Pendant la campagne, vous aviez fait 33 propositions, pourquoi ce nombre ?

On a mis en avant 33 propositions pour 2033 année qui sera la dernière année du mandat. Mais au total, il y avait plus de 150 propositions dans le programme autour de nos trois piliers : coopérer, protéger, inventer.

Vous avez, tout de suite, mis une de ces propositions sur la place publique. C’est la création d’une brigade de réquisition des logements vacants. En quoi ça va consister ?

Le logement c’est un droit et ça ne doit pas être un outil de spéculation financière. Aujourd’hui, on a un nombre croissant de personnes sans domicile ou mal logées à Grenoble. Il est difficile d’accepter qu’en parallèle on ait des logements vides ou des structures publiques vides. L’idée de cette brigade est d’avoir des personnes dédiées qui identifient précisément les logements qui sont vacants depuis plus de deux ans pour ouvrir des discussions avec les propriétaires et comprendre pourquoi on est dans cette situation.
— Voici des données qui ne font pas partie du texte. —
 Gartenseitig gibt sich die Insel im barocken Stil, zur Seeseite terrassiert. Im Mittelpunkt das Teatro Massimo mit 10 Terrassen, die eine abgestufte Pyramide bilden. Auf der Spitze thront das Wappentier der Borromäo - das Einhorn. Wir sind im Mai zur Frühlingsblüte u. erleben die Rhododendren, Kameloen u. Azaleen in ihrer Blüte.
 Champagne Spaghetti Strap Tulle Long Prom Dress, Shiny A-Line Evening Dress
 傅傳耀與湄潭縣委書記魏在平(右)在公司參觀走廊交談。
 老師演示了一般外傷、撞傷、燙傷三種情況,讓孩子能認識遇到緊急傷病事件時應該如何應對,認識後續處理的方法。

Mais si le problème ne se résout pas par la discussion, le maire n’a pas le pouvoir de réquisitionner de force un logement…

Il y a une proposition de loi qui a été faite et que l’on soutient pour faire en sorte qu’il y ait une possibilité de réquisition. Mais avant d’en arriver là, il y a quand même un chemin qui nous semble important à parcourir avec les propriétaires. Cela fait aussi partie des projets dont on doit discuter au niveau métropolitain.

Laurence Ruffin La +

Quels autres projets vont être lancés dans les prochains mois ?
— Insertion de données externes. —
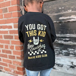 Meet the tee that brings big encouragement for your little one. Our "You Got This Kid" Long Sleeve Tee is all about confidence, courage, and cool style. Designed in classic black with bold retro-inspired graphics, this shirt features a motivational message on the back plus a checkered accent and rock on sign for extra attitude. Made from soft, breathable cotton and cut for all-day comfort, it’s perfect for school days, weekend adventures, or any moment they need a reminder of how awesome they are.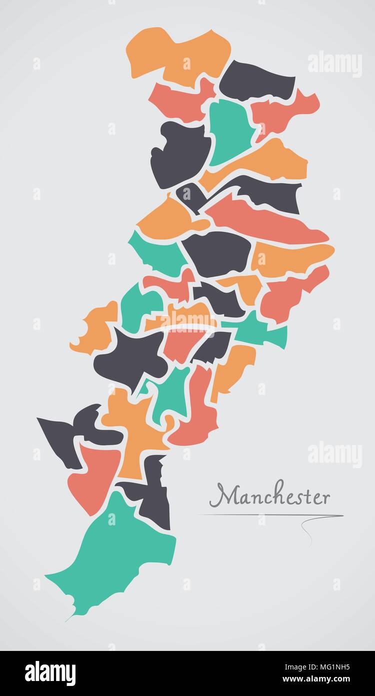 Modern City Map Manchester City Of England With Wards And Titles Uk Outline Map Stock Vector Illustration Of Shape Administrative 115351390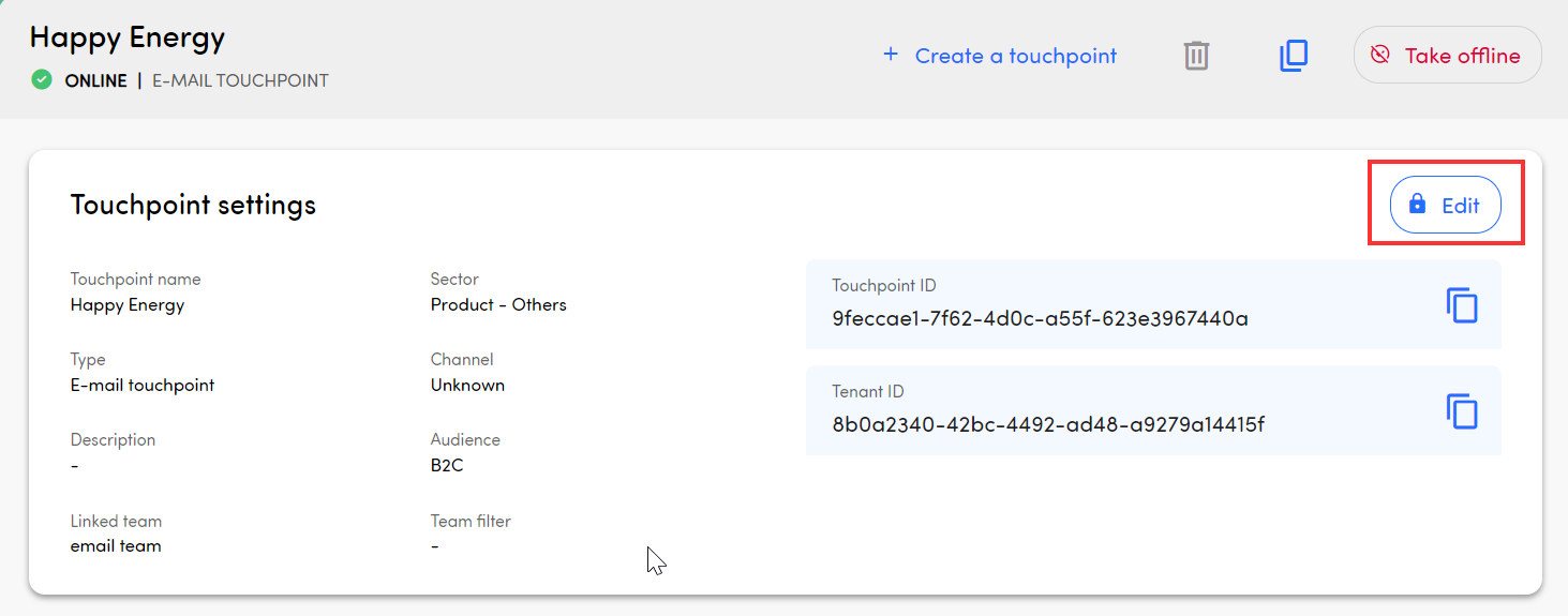 Or go to the touchpoint setting page and select the touchpoint you want to work on.

La date du 14 juillet représente symboliquement la barre des 100 jours. On a prévu de lancer huit dossiers sur cette période. On va, par exemple, travailler sur un centre de santé à Saint-Bruno car la santé est un des axes forts qu’on a porté dans la campagne. Il y a aussi l’avenir du GHM qui nous préoccupe. La clinique mutualiste est en redressement judiciaire et on sera attentif à sa reprise pour que les habitants puissent continuer à accéder à des soins de qualité.
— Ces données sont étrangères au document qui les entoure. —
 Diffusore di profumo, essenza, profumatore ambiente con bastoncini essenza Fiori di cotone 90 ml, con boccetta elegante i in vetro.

La sécurité fait aussi partie de vos priorités ?

Oui, le dossier est sur le haut de la pile. Notre premier déplacement avec l’ensemble des élus a été pour rencontrer les équipes de la police municipale. On a entamé aussi des discussions avec la préfète et le procureur pour une meilleure coordination sur Grenoble entre les différents acteurs de la prévention et de la répression. Je porte l’idée qu’on doit marcher sur nos deux jambes : faire de la prévention de façon forte avec les associations, le périscolaire, tout ce qui fait qu’on ne bascule pas et aussi un travail, tout aussi important, de sécurité et de répression qui est plutôt porté par la police nationale et complété par la police municipale. On va mettre en place une police municipale de quartiers comme c’est le cas aujourd’hui au village olympique.

Est-ce que le développement de cette police municipale va s’accompagner d’un développement de la vidéosurveillance ?

C’est un sujet qui fait partie des discussions. On souhaite faire un état des lieux des caméras qui sont aujourd’hui installées, celles qui fonctionnent, qui ne fonctionnent pas, qui sont utiles, qui sont inutiles, pour améliorer la situation en étant aussi attentif aux questions budgétaires et aux questions éthiques.

Vous parliez d’embaucher 50 policiers municipaux supplémentaires. VCela veut dire que vous allez réduire les dépenses dans d’autres domaines pour les financer ?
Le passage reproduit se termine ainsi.